インリージャパン セミオフグリッドシステム商品化

中国太陽電池製造大手、インリー・グリーンエナジーの日本法人が来春、太陽光発電設備とV2H機器からなるセミオフグリッドシステムを商品化する。全国のビルダーや販売・施工会社に提供していく構えだ。

新発売の『セミオフグリッドシステム(仮称、以下SOGS)』は、8.1kWの太陽光パネルとPCS(パワーコンディショナ)、V2H(車と住宅間の双方向給電)機器で構成される。特徴的なのは、据置型の蓄電池ではなくEV(電気自動車)を蓄電設備として活用する点で、太陽光発電設備で発電した電力は、蓄電設備を活用しながら極力自家消費するが、電力が余れば売電し、不足すれば電力会社から購入するという、太陽光による発電量を最大限活用する仕組みである。

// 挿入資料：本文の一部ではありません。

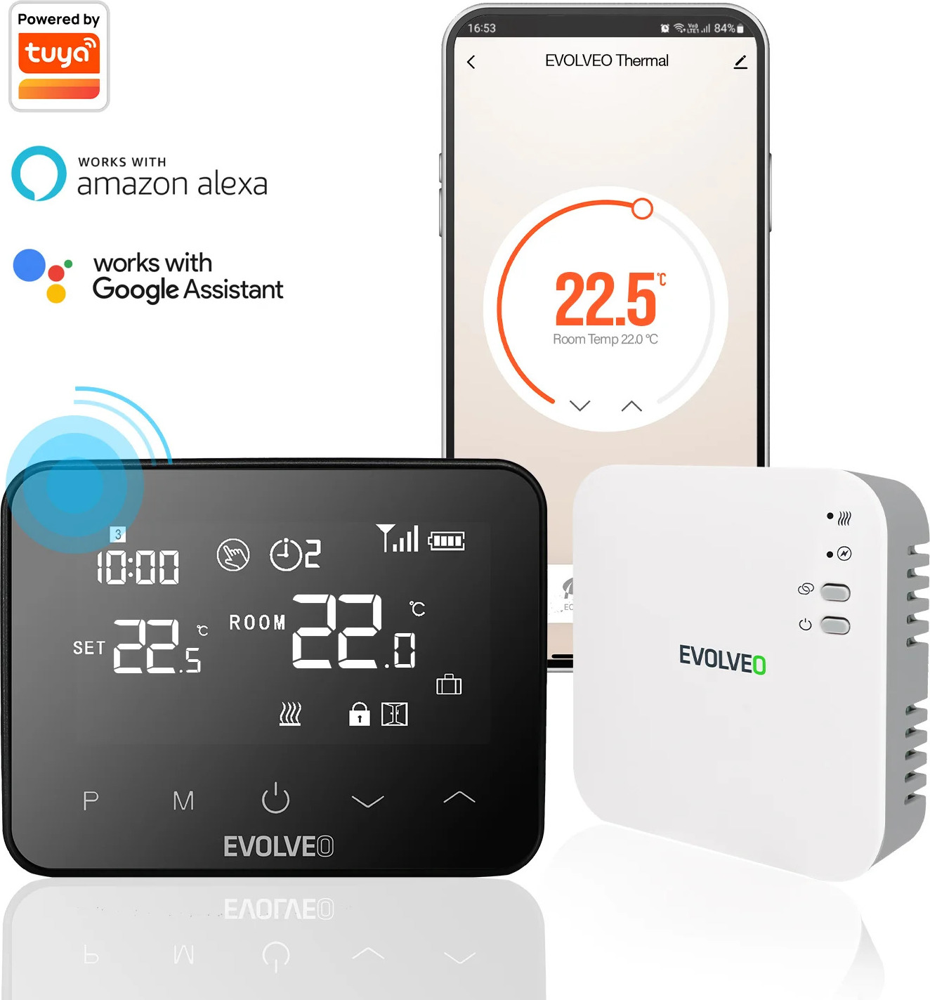 EVOLVEO Thermal, chytrý bezdrátový programovatelný termostat• Propojení s aplikacemi Tuya, Smart Life, SmartThings a IFTTT• Rozsáhlé možnosti nastavení aplikace• Programovatelný na každý den v týdnu se 4 časovými okny• Funkce detekce otevřeného okna a dětský zámek• Dotykový displej se zrcadlovým efektem• Podpora hlasových asistentů Google Assistant a Amazon Alexa• Flexibilní napájení pomocí napájecího adaptéru nebo 2 tužkových baterií ________________________________________________________________________________________________________________ Moderní řídicí systém pro optimální pohodlíChytrý bezdrátový termostat Thermal přináší moderní a inteligentní řešení pro efektivní řízení teploty v domácnosti. Jeho pokročilé funkce a snadné ovládání umožní dosáhnout optimálního pohodlí a úspory energie bez složité instalace. Termostat Thermal je navržen tak, aby splňoval různorodé potřeby v oblasti vytápění. Díky svému programovatelnému rozhraní a podpoře různých typů topných systémů je ideální volbou pro kotle nebo podlahové vytápění. Pohodlné ovládání pomocí chytré aplikaceTermostat je plně kompatibilní s aplikacemi Smart Life, Tuya, které jsou volně ke stažení pro systémy Android a iOS. Aplikace umožňují ovládat teplotu v domácnosti odkudkoliv pomocí chytrého telefonu nebo tabletu. Aplikace nabízí širokou škálu funkcí pro plnou kontrolu nad termostatem, včetně možnosti nastavení cílové a kontroly aktuální teploty, programování časových oken, nastavení teplotní meze ochrany proti, nastavení dětského zámku pro ochranu proti nechtěné změně nastavení teploty, nastavení funkce otevřeného okna, kalibrace teplotního senzoru pro přesné měření teploty, nastavení hystereze pro optimalizaci chodu vytápění, nastavení jasu podsvícení displeje podle preferencí uživatele a reset do továrního nastavení v případě potřeby. Intuitivní dotykový displej s podsvícenímS elegantním dotykovým displejem s podsvícením a zrcadlovým efektem nabízí termostat Thermal nejen vynikající vzhled, ale také jednoduché ovládání. Dotykové senzory umožňují snadné nastavení teploty a funkcí přímo na displeji. Široká škála funkcí pro maximální komfort a úsporu energieTermostat Thermal nabízí řadu pokročilých funkcí, jako je ochrana proti mrazu, dětský zámek a detekce otevřeného okna. Díky těmto funkcím se termostat aktivně přizpůsobuje okolním podmínkám a chování uživatele. Ochrana proti mrazu zajistí udržení optimální teploty v mrazivých podmínkách, dětský zámek zabrání nechtěné změně nastavení teploty, a detekce otevřeného okna zajišťuje, že termostat automaticky reaguje na větrání místnosti, což přispívá k úspoře energie. Flexibilní programování a plná kontrolaDíky možnosti programování na 7 dnů v týdnu a 4 časovým oknům pro každý den získáte plnou kontrolu nad teplotou v domácnosti. Termostat Thermal vám umožňuje nastavit různé teplotní profily pro různé časy dne. Termostat Thermal poskytuje flexibilitu ve způsobu napájení – můžete ho napájet buď bateriemi, nebo pomocí kabelu USB-C. Dále nabízí široký provozní dosah ve volném prostoru až 100 metrů a v uzavřeném prostoru až 25 metrů, což zajišťuje spolehlivý signál a kontrolu teploty i v rozlehlých interiérech. Snadná instalace a kompatibilitaTermostat Thermal je navržen tak, aby byl snadno instalovatelný a kompatibilní s různými topnými systémy. S dodanými montážními součástkami a návodem k instalaci lze termostat snadno namontovat na stěnu nebo umístit na stůl podle potřeb. Jeho kompatibilita s hlasovými asistenty Google Assistant, Amazon Alexa umožní ovládat teplotu v domácnosti hlasovými příkazy.SPECIFIKACE:• Vhodný pro připojení ke kotli, podlahovému vytápění• Skládá se ze dvou částí:1) Přijímač vyhodnocující teplotu v místnosti a komunikující skotlem/podlahovým vytápěním2) Vysílač umožňující ovládání a zobrazující aktuální stav• Možnost WiFi nebo Bluetooth propojení do aplikací Tuya, Smart Life, Samsung SmartThings nebo IFTTT pro telefony iPhone i Android• Dotykový digitální displej s inverzním podsvícením a zrcadlovým efektem• Možnost nastavení intenzity jasu podsvícení displeje při napájení z USB• Intenzita podsvícení při napájení z baterií: 40%• Teplotní senzor umístěný na vnějším povrchu vysílače pro vyšší přesnost• Programování na 7 dnů v týdnu (možnost programování pro dni)• 4 časová okna pro každý den v týdnu• Podpora hlasových asistentů Google Assistant a Amazon Alexa• Dětský zámek pro deaktivaci ovládání displeje• Detekce otevřeného okna:1) automatické vypnutí vytápění při náhlém poklesu teploty2) možnost nastavení meze poklesu teploty na 2-4 °C3) možnost nastavení časového úseku poklesu na 2-30 min.4) možnost nastavení návratu z režimu za 10-60 minut• Ochrana proti mrazu (automatické zahájení vytápění při poklesu pod nastavenou teplotní mez v rozsahu 5-15 °C)• Aplikace umožňuje:1) Nastavení cílové a kontrolu aktuální teploty2) Programování časových oken3) Nastavení teplotní meze ochrany proti mrazu s možností deaktivace funkce4) Nastavení dětského zámku s možností deaktivace funkce5) Nastavení funkce otevřeného okna vč. nastavení meze poklesu teploty, časového úseku poklesu a návratu z režimu s možností deaktivace funkce6) Kalibraci teplotního senzoru v rozsahu -8 až +8 °C7) Nastavení hystereze v rozsahu 0-3 °C8) Nastavení jasu podsvícení v rozsahu 0-100 %9) Reset do továrního nastavení• Režimy termostatu:1) Plně automatický programovatelný režim2) Manuální režim pro dočasné nastavení na konstantní teplot

インリー・グリーンエナジージャパンは、2017年8月、茨城県の有力ビルダー、ファーストステージ(以下、FS)と協業し、ひたちなか市の住宅展示場に完全オフグリッドハウスを建設した。FSが施工した戸建て住宅に、インリーが6.5kWのパネルとPCSを備えた12kWhのハイブリッド蓄電設備、V2Hに加え、ガス発電機まで導入。電力の完全自給自足を実現したのだ。

ただこのオフグリッドシステムの導入費用は500万円にのぼり、一般の消費者が簡単に購入できる金額ではないうえに、逆潮流しないため余剰電力を捨ててしまっていた。そこでインリーが考案したのが今回のSOGSだ。

同社はターゲットをEVユーザーに絞る。現状、主婦が買い物や子どもの送り迎え程度にしか利用しないEVを蓄電設備として活用することで、据置型の蓄電池への投資を省くことができ、初期導入費用が大幅に下がる。余剰電力は売電するので無駄にならない。

これで、償却期間が20年程度の完全オフグリッドシステムに対し、SOGSは9〜12年になる。なにより、EVに搭載済みの容量30kWhの蓄電設備があれば、災害時に系統からの電力供給が途絶え、悪天候が続いても、2〜3日は平時と変わらず、電力の使用が可能になる。

同社によれば、「09年以前に太陽光発電設備を導入した消費者は、経済性よりも環境貢献への意識が強い。かつ固定価格買取制度の施行によって後から経済メリットを享受することになった、太陽光発電の素晴らしさを実体験で知る、言わば太陽光ファンです。これらのユーザーが、売電期間満了後新電力などに1kWhあたり8〜10円で余剰電力を売電するより、セカンドカーをEVに変えてV2Hを導入し、自立電源化を促すという提案の方がユーザーの興味を引きやすい」という。

電力量料金単価は、再エネ賦課金を含め現時点で1kWhあたり30円前後だ。19年問題対策として4〜5kWhの据置型蓄電池を200万円前後で導入しても「一般的な4人家族の一晩の電力需要は10kWh以上にのぼり、メリットは小さい」(同社)。

電力需要は消費者の家族構成や生活パターンに依存するので、同社は4種類のパッケージを用意した。SOGSほか、EV使用時も太陽光発電で生み出した電力を溜められるよう4〜5kWhの据置型蓄電池を加えたシステムや、完全オフグリッドシステム、さらに投資回収期間を5年以下に抑えた太陽光発電設備のみのシンプルなものまである。

なお、19年2月末から東京で開かれる『第12回PV EXPO(国際太陽電池展)』で、同社はSOGSを採用した家庭の実データを披露する。生き物のような電力需給について生の数字をもとに分析し、プレゼンテーションも行なう予定だ。